Soou a um caso mal amparado quando se soube que Ira Sachs, realizador nascido e criado em Memphis e um terno habitante e devorador da cultura nova-iorquina, iria filmar na zona de Sintra a sua sétima longa-metragem com um elenco internacional, encabeçado por Isabelle Huppert.

Automaticamente, a ideia de um cartão de visita ao tão cinematográfico concelho surgia nas nossas memórias, porém, e não querendo fugir do típico percurso postal, Frankie é um filme duplamente intimo vindo de um cineasta independente cada vez mais respeitado nos mais diversos nichos. E o primeiro foco de intimismo localiza-se em Sintra como um canto de recordações e emoções há muito não vividas (Sachs confidenciou-nos essa ligação).
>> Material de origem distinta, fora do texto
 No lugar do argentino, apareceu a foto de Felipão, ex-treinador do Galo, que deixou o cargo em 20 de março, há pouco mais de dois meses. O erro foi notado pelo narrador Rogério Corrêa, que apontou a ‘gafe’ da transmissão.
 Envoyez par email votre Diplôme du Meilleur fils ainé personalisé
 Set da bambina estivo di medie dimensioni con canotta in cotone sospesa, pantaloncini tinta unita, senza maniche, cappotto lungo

Poderia ser qualquer lugar, mas não, o realizador encontrou o seu retiro espiritual e o contacto direto com a saudade, funcionando numa espécie de revisitação daqueles lugares alicerçados numa aura proustiana.
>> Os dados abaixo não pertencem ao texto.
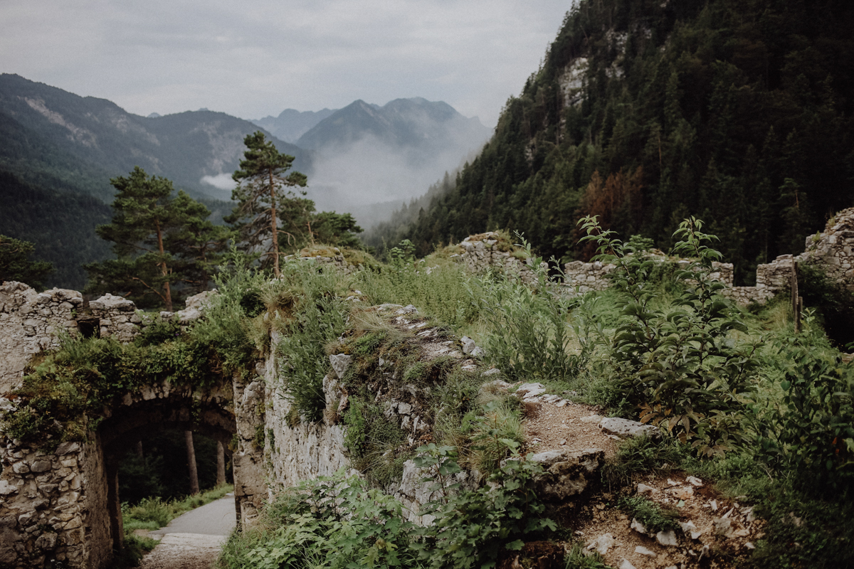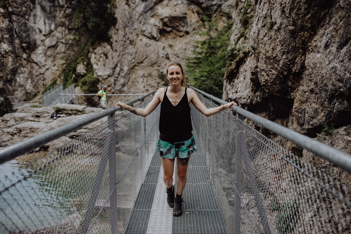 Nach etwas mehr als sieben Stunden, als das kribbelnde Gefühl aus dem Herz wie immer längst in die Beine gerutscht war, erreichten wir den kleinen Ort Reutte in Tirol. Weil es trotzdem noch nicht spät genug war, den Tag im Hotel zu verbummeln und wir nach der langen Zeit des Sitzens auch großen Bewegungsdrang hatten, folgten wir den Schildern zum Parkplatz am Fuße der Stuibenfälle. Am Elektrizitätswerk verließen wir dann bei schönstem Sonnenschein das Auto und befanden und nur wenige hundert Meter weiter bereits in unserem wilden Tirol-Wochenende!

Em relação ao segundo, a intimidade para com as personagens, todas estrangeiras e deslocadas do seu habitat natural para serem posicionadas num satírico xadrez de relações, afetos e afinidades. Contudo, é a distância com que o espectador as encara que confirma o gesto de proteção por parte de um realizador tão delicado com a sensibilidade das personagens do seu universo (olhe-se para as suas obras anteriores, como Love is Strange – O Amor é uma Coisa Estranha ou Homenzinhos).

Assim, é neste nosso olhar de longe que deparamos que todas estas figuras são incapazes de emancipar-se do respetivo ator, sem nunca ceder aos tons biográficos de cada um, mas sim à imagem vendida e comercializada no circuito cinematográfico. Esse carinho para os protagonistas do legado e devoção de Ira Sachs à sua micro-indústria e ao seu cinema mais próximo é quase como se fosse um método preservação em etanol.

Em certo jeito, Frankie é uma obra pessoal estampada como uma peregrinação a uma adolescência perdida e, ao mesmo tempo, uma aventura do cineasta em assumir o espírito europeu, as romarias rohmerianas, um risco em replicar uma utopia estilística e provar uma certa versatilidade.

O resultado pode ser uma derivação desses atos cinematográficos, o simplismo como forma e a invocação de um naturalismo estagnado e perversamente calculado, assim como aquela bela sequência final, uma das mais fortes vistas este ano: uma dança de abraços vivo com a morte perante a omnipresente beleza natural, a única certeza para o conceito de eternidade.

Ira Sachs fala aqui de despedidas, redescobertas, carícias prometidas e ainda arranja espaço para troçar da indústria que evita integrar, usando como refém o estandarte do capitalismo cinematográfico [Star Wars], tudo num filme pleno, seguro e sobretudo económico com os gestos. E tudo isto, em Sintra!